In the book, Common Sense Parenting, by Raymond Burke and Ronald Herron, the authors offer a great chapter on how to send clear messages. They tell us that we have to tell our kids exactly what it is we want them to do and how to do it. We have to also be clear when we tell them what they have done well or what behaviors need correcting. When sending messages, parents should be specific, focus on what their children are doing or saying and then describe their child’s behaviors.
Behaviors are actions that can be seen or heard like talking on the phone, rolling eyes and talking back. Behaviors can also be measured such as the length of time your son lounges on the couch after you have told him to take the dog for a walk. Calling someone lazy is not describing a behavior. Laziness is a perception because you can’t measure how many times a person has been lazy. So when we call our kids lazy, hyperactive, naughty, etc., we’re not sending a clear message of the exact nature of the problem.
How you send messages to your kids is also important. The authors suggest we do the following:
(1) Have your child look at you; eye contact is vital for sending clear messages.
(2) Use a tone that fits the situation.
(3) Pay close attention to your body language and facial expressions.
(4) Try to talk to your child without unnecessary distractions like the TV, other people, etc. This may mean that you have to take your child to another room in the house where you can talk.
(5) Try to position yourself at eye level with your child so that you are not standing over them.
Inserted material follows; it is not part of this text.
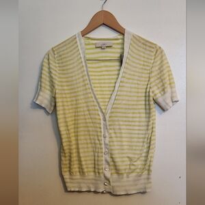 Chic knitwear with lemon yellow and white stripes. Ideal for layering in summer and for the office.

When you hoover over a young child this can be very intimidating to them.
(6) When giving messages avoid statements like “act your age”, or “be a nice boy”. Instead use clear statements like, “When we get to church I want you to sit still and not talk” or “Don’t chew your food with your mouth open”.
Finally, the most important thing we need to remember about sending clear messages is to make sure our children know that we are displeased with their behavior and not with the child.